Prove that the points of a circular helix such that the osculator plane in them pass through a point $p$, are all in the same plane.
How can I prove this statement? I've found the osculator plane in any point of a circular helix, but I do not know how to use it.
After some appropriate rotation and translation, a circular helix can be expressed in parametric equations:
$x(t)=a\sin t$
$y(t)=a\cos t$
$z(t)=bt$
for some $a,b\in\mathbb{R}$. We compact this by writing $r(t)=x(t)\mathbf{\hat{i}}+y(t)\mathbf{\hat{j}}+z(t)\mathbf{\hat{k}}$.
We can now find the equations of the tangent vector $\mathbf{T}(t)$ and normal vector $\mathbf{N}(t)$.

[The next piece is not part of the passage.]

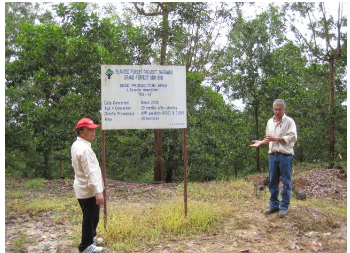
Field test in Sarawak conducted in forest plantations of Sarawak Planted Forest Sdn. Bhd., Bintulu

$\mathbf{T}(t)=\dfrac{r'(t)}{||r'(t)||}=\dfrac{a\cos t\mathbf{\hat{i}}-a\sin t\mathbf{\hat{j}}+b\mathbf{\hat{k}}}{\sqrt{a^2\cos^2 t+a^2\sin^2t+b^2}}=\dfrac{1}{\sqrt{a^2+b^2}}(a\cos t\mathbf{\hat{i}}-a\sin t\mathbf{\hat{j}}+b\mathbf{\hat{k}})$
$\begin{align} \mathbf{N}(t)=\dfrac{\mathbf{T}'(t)}{||\mathbf{T}'(t)||}=\dfrac{\dfrac{1}{\sqrt{a^2+b^2}}(-a\sin t\mathbf{\hat{i}}-a\cos t\mathbf{\hat{j}})}{\dfrac{1}{\sqrt{a^2+b^2}}\sqrt{a^2\sin^2 t+a^2\cos^2 t}}&=\dfrac{1}{a}(-a\sin \mathbf{\hat{i}}-a\cos t\mathbf{\hat{j}})\\&=-\sin t\mathbf{\hat{i}}-\cos t\mathbf{\hat{j}}\end{align}$
We can now calculate a normal to the osculating plane = $k(\mathbf{T}(t)\times \mathbf{N}(t))$, for some $k\in\mathbb{R}$. For the sake of ease of computation, we will choose the normal that is
$\begin{align}(a\cos t\mathbf{\hat{i}}-a\sin t\mathbf{\hat{j}}+b\mathbf{\hat{k}})\times(-\sin t\mathbf{\hat{i}}-\cos t\mathbf{\hat{j}})&= \left|\begin{matrix} i & j & k\\ a\cos t & -a\sin t &b\\ -\sin t & - \cos t&0\\ \end{matrix}\right| \\&=b\cos t\mathbf{\hat{i}}-b\sin t\mathbf{\hat{j}}-a\mathbf{\hat{k}} \end{align}$
Hence the equation for the osculating plane at point $\mathbf{P}(a\sin t,a\cos t,bt)$ is $$b\cos t(x-a\sin t)-b\sin t(y-a\cos t)-a(z-bt)=0$$ which can be simplified to $$(b\cos t)x-(b\sin t)y+abt=az$$
Finally, we have that the plane passes through point $p=(x_1,y_1,z_1)$ for all $t$. Hence $$(b\cos t)x_1-(b\sin t)y_1+abt=az_1$$ for all $t$. Note that the right hand side of this equation is constant, while the left hand side can be written as $b((\cos t)x_1-(\sin t)y_1+at)$. For the moment assuming that $a\ne0$ gives us that $(\cos t)x_1-(\sin t)y_1+at$ is never constant, so in order for the left hand side to be constant, we need $b=0$. Finishing up, if $a=0$, we have $(b\cos t)x_1=(b\sin t)y_1$ for all $t$, so $b=0$ unless $x_1=y_1=0$.
To conclude, we have that $b=0$ unless $a=x_1=y_2=0$. However, if $a=0$, we have that $\mathbf{N}(t)$ doesn't exists, so there is no osculating pane. This leaves us with the conclusion that $b=0$, but when we have $b=0$, our original parametric equations become
$x(t)=a\sin t$
$y(t)=a\cos t$
$z(t)=0$,
so all the points of the circular helix are in the same plane.